We can read and study the rhetoric of the documents published by UNESCO, The World Bank, and the IMF. They are easily available through the webpages of these organizations. We can continue to study the history of the corporatization and unionization of the university. We can study our curricula for the ways that they support business rather than student interests when they do; indeed, we can study how business and student interests conflict, when they do. We can continue to study the processes and destructive effects of globalization and learn how they are occurring in the US as well as abroad. We can share what we are discovering with each other as often as we are able. We can join and support teachers’ unions. We can choose to work in unionized universities, when we have the choice, that have collective bargaining and which protect the rights of adjuncts (they do exist, though, as in Pennsylvania, they are under greater and greater pressure from conservative state officials). And we can support unionizing in our own universities and colleges as well those who are unionizing elsewhere. Finally, we can support those who are demonstrating against international policies that do more to create world poverty than alleviate it.

The point is that we literacy educators need to know the issues and the history if we are to make united, purposeful and effective calls for change. Some informed intellectuals and teachers have already begun. For instance, The International Forum on Globalization is creating and disseminating alternative visions for alleviating world poverty, managing the global economy, sustaining global stability, and encouraging economic democracy (Cavanagh). The global power of the Washington Consensus might seem to put organizations such as The World Bank and IMF out of our reach, but the fact is that they are not. Certainly the World Trade Organization has been affected by the attention and presence of those demonstrating against the exploitation occurring in the name of globalization. And, as the back cover of Kevin Danaher’s 10 Reasons to Abolish the IMF and World Bank reminds us: “We abolished slavery; we abolished Jim Crow laws; we abolished child labor; we abolished the exclusion of women from voting; we abolished the 60-hour work week; and we can abolish international banking institutions that do more to prevent democracy than to promote it.”

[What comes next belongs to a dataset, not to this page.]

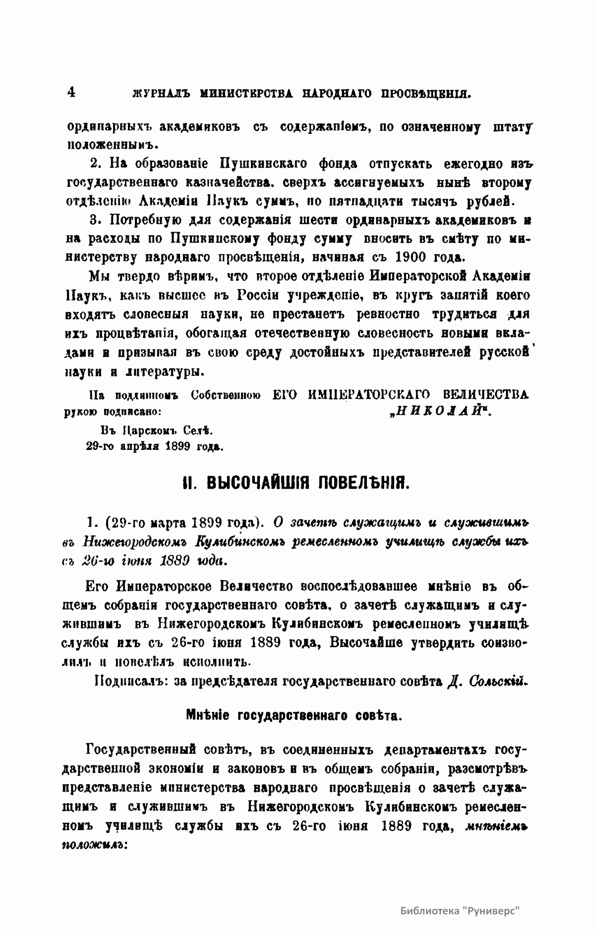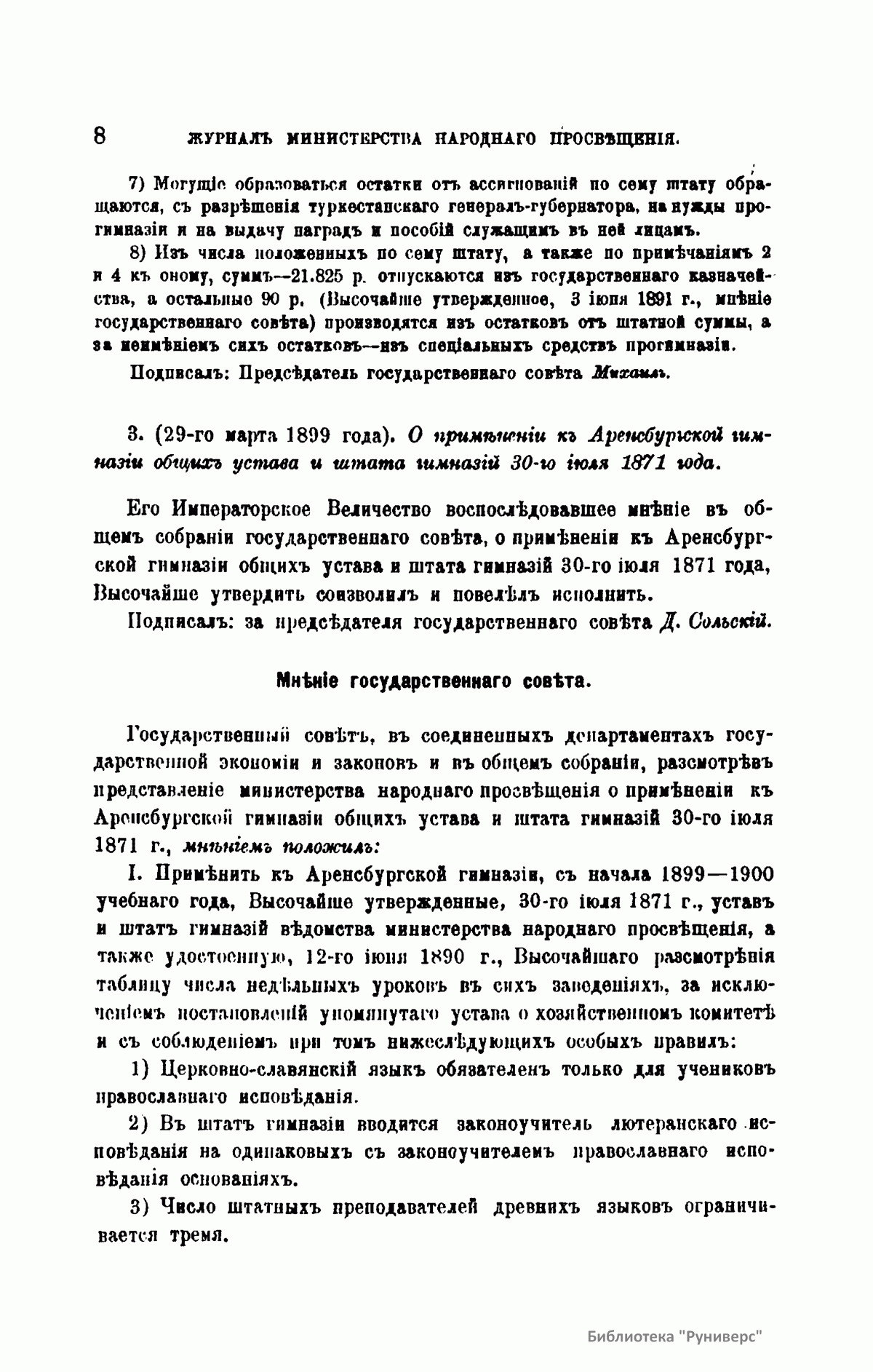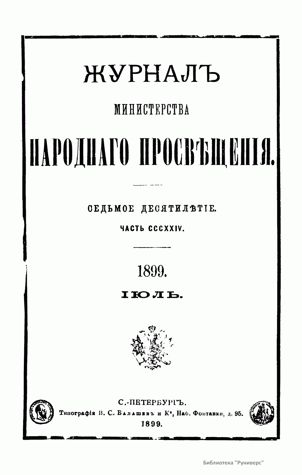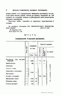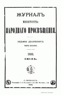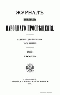 Журнал Министерства народного просвещения выходил с 1834-го по 1917 год. Официальный периодический журнал об успехах просвещения в России. Издатели журнала уверены в том, что «если для каждого человека необходим выход из грубой тьмы невежества и беспрерывное дальнейшее движение к свету, то для народов необходимо попечительное участие правительства в образовании. Только правительство имеет все средства знать и высоту успехов всемирного образования, и настоящие нужды Отечества».

Things change slowly, and history shows that things certainly change more slowly for some than for others. The human imagination is always under pressure from those with profit–inspired designs to commodify thought, desire, and care. If there is hope in the human condition, however, it is that something of the human imagination always escapes. No product: no one car, no one motion picture, no one video game and no one corporate-sponsored curriculum has captured the human imagination in total. Something escapes, some surplus in imagination that resists commodifcation. We need to look beyond national boundaries and learn how capital’s interests in literacy education are international. Perhaps, if we do, we will begin to learn how to stop exporting the violence of literacy.